Provided data —
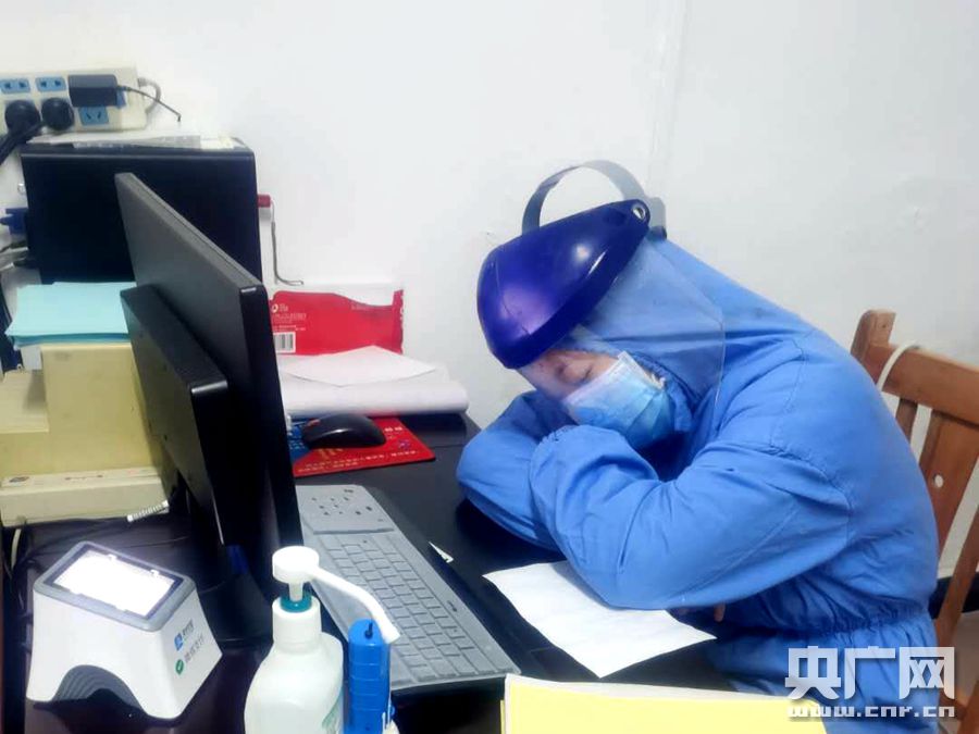 疲憊的吳婷趴在桌上睡著了(央廣網(wǎng)發(fā) 通訊員供圖)
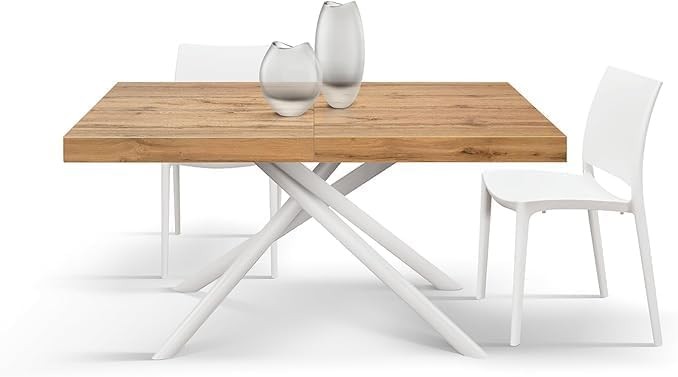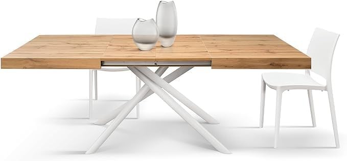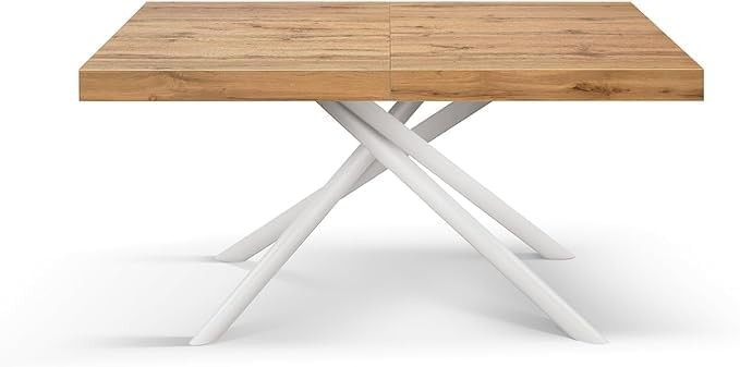 Tavolo moderno allungabile rovere rustico gambe tubolari bianche 140x90x74 160x90x74
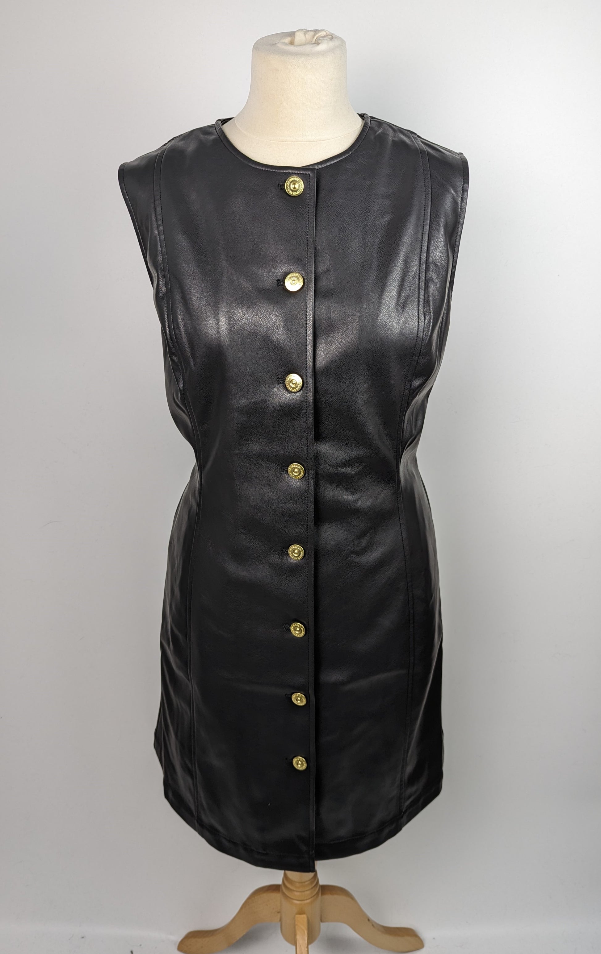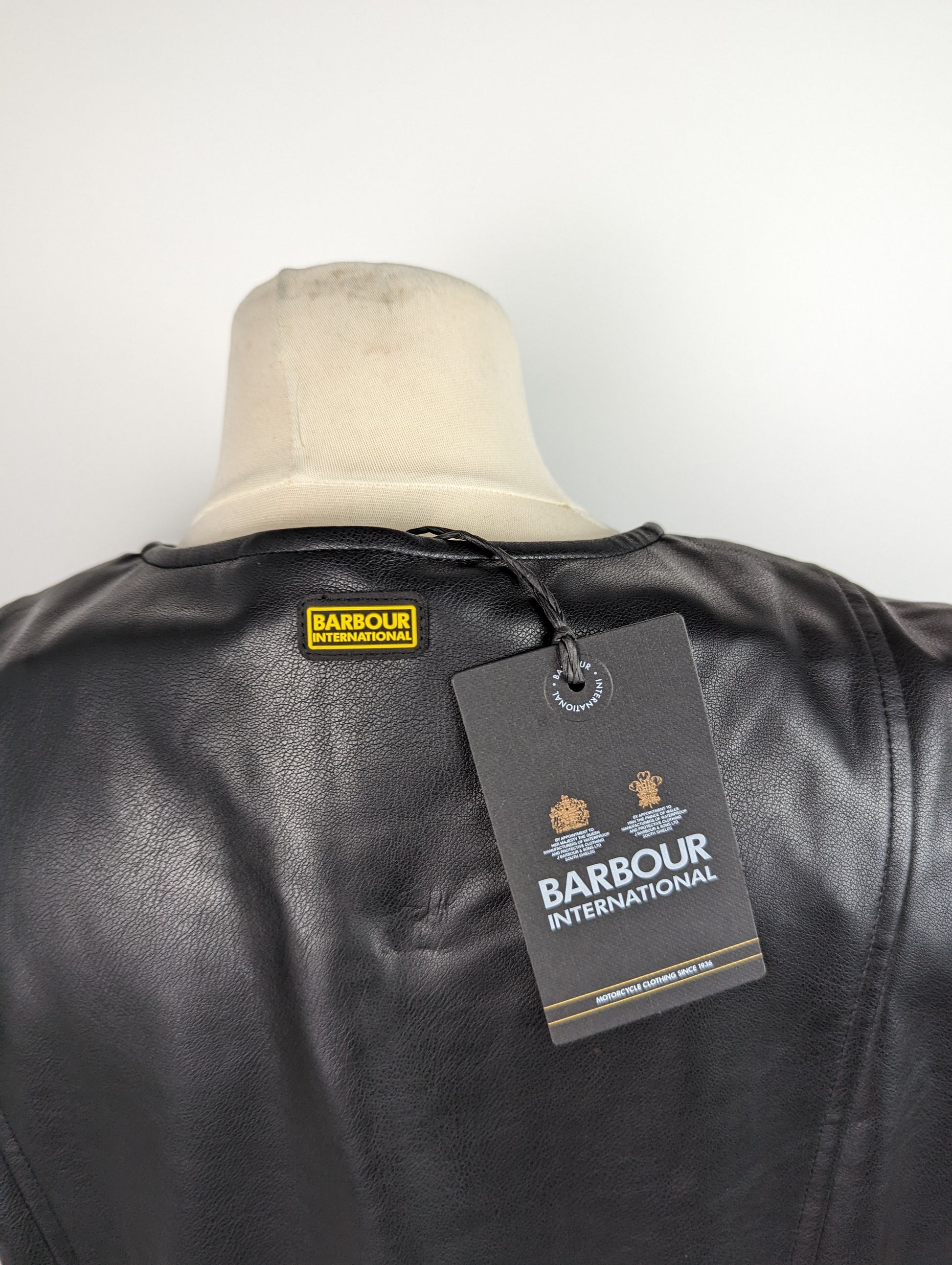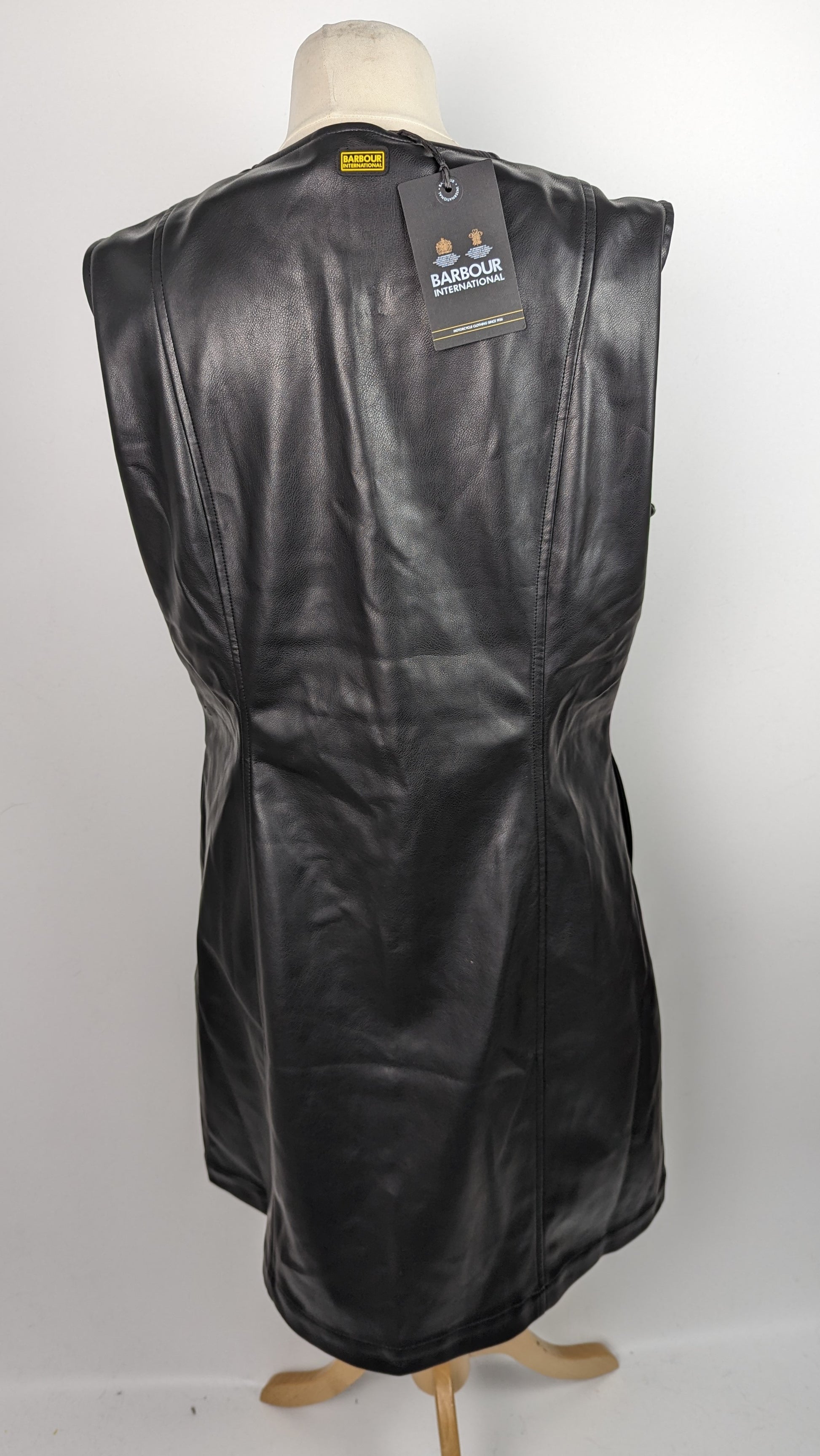 The BARBOUR INTERNATIONAL Morini Dress takes inspiration from the brand's motorcycling heritage with its leather-look fabric and button-front design. Darts to the waist create a figure-flattering fit, while the sleeveless silhouette means the dress can be seamlessly layered in cooler conditions. Crafted in a smooth, soft, luxury feel faux leather, this could be your next perfect staple piece.
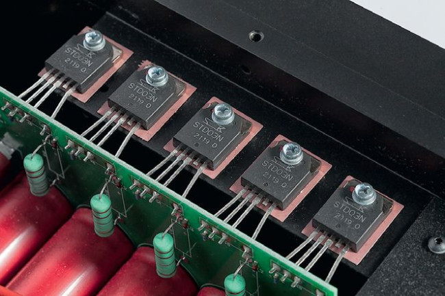 W każdym kanale zainstalowano baterię tranzystorów Sankena. PAS pracuje w klasie AB, ale prąd spoczynkowy jest dość wysoki; na tyle, by pierwsze 5 W wyprodukować w klasie A.
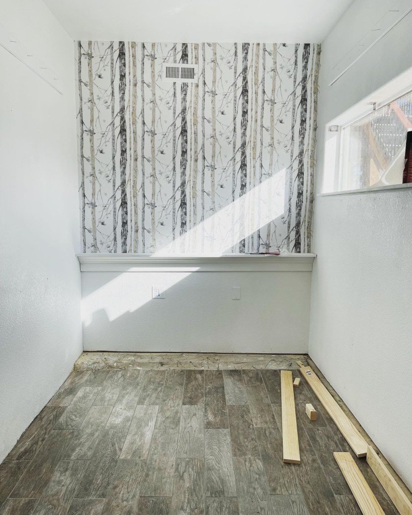 I finished putting up the Wallpaper in the mud room. It kept falling down before and I ran out of wallpaper really quick. This time I bought plenty and I used a spray adhesive to keep it up. It stayed up overnight so I am hoping that it stays up permanently. Next I bought some cubbies to cover up the weird bump in the floor. Eventually we want to build a bench over that bump.
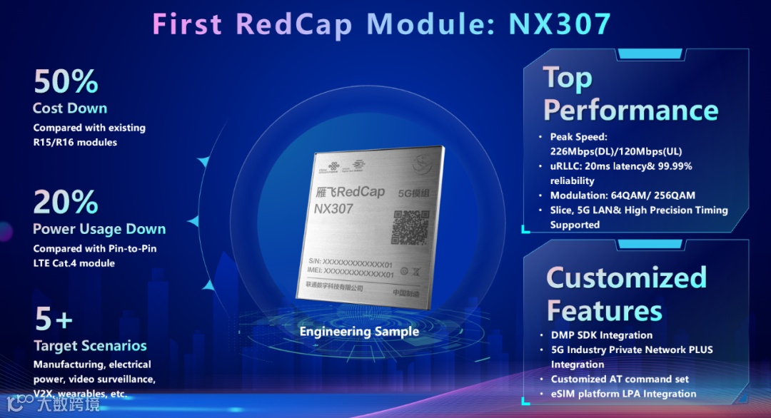 ——端网业融合:NX307模组集成了中国联通格物DMP平台、智连CMP平台SDK,实现了开机上云、5G端网融合等能力预埋,高效使能行业差异化应用,推动“端网业”一体化发展。同时,该模组与联通5G专网PLUS系列产品能力深度适配,具备场景化专网定制化特性。
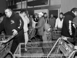 USA. Williston, ND. 2012. Customers waiting for Walmart to open...
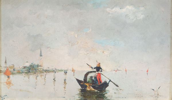 Painting "GONDOLA WITH FIGURES IN THE LAGOON"
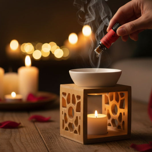 Duftlampe 'Würfel' | Holz lackiert | Keramik | Teelicht | für ätherische Öle, Räucherstövchen
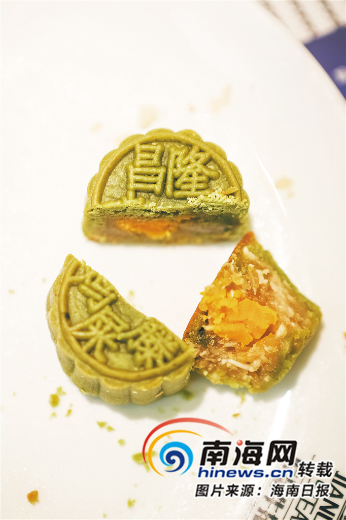 據介紹,2006年,昌隆月餅推出了雞屎藤月餅,把極具海南地方特色的雞屎藤與月餅相結合,通過把雞屎藤磨制成粉,再加工成餅皮,最后加入椰子餡和蛋黃,形成獨具特色的雞屎藤月餅。
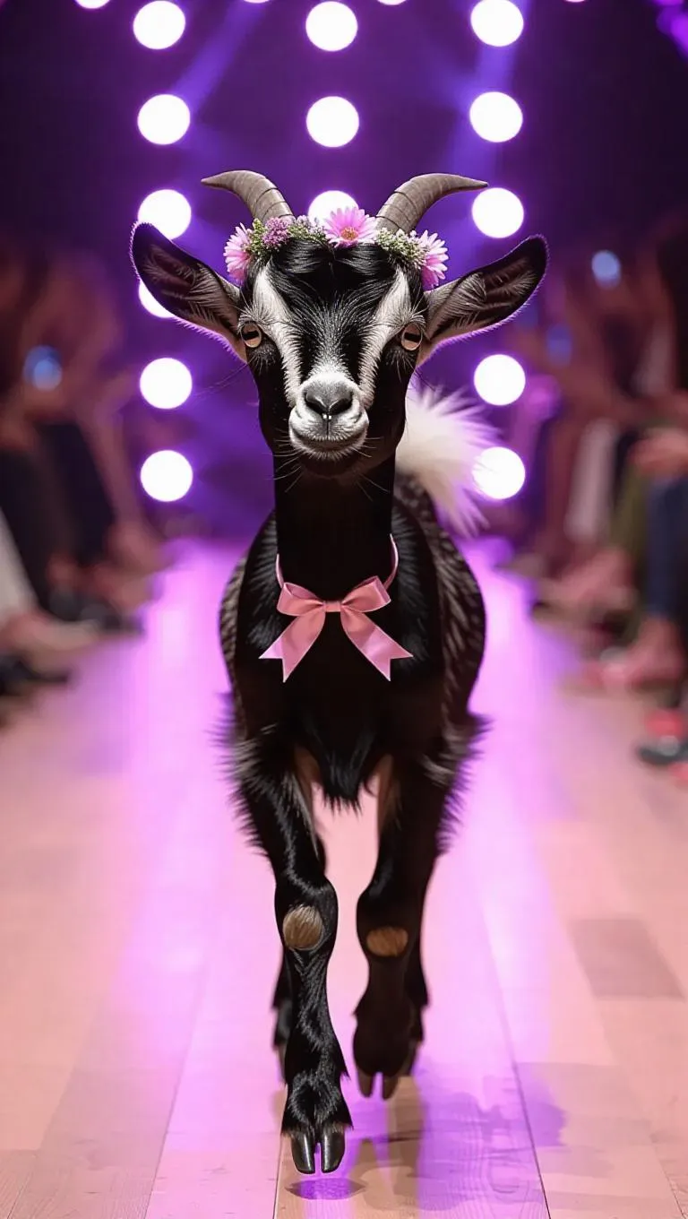 A slender goat prances down the runway, its sleek coat shimmering under the lights. It wears a flower crown atop its head and a tiny bow on its tail, enhancing its playful charm. The goat's cheerful bleats and lively presence create a joyful atmosphere.

Required action — Output only the lines that run from the line containing "USA. Williston, ND." to the last line of the data, exactly as they stand and without pictures.

Finished task —
 USA. Williston, ND. 2012. Customers waiting for Walmart to open...
 Painting "GONDOLA WITH FIGURES IN THE LAGOON"
 Duftlampe 'Würfel' | Holz lackiert | Keramik | Teelicht | für ätherische Öle, Räucherstövchen
 據介紹,2006年,昌隆月餅推出了雞屎藤月餅,把極具海南地方特色的雞屎藤與月餅相結合,通過把雞屎藤磨制成粉,再加工成餅皮,最后加入椰子餡和蛋黃,形成獨具特色的雞屎藤月餅。
 A slender goat prances down the runway, its sleek coat shimmering under the lights. It wears a flower crown atop its head and a tiny bow on its tail, enhancing its playful charm. The goat's cheerful bleats and lively presence create a joyful atmosphere.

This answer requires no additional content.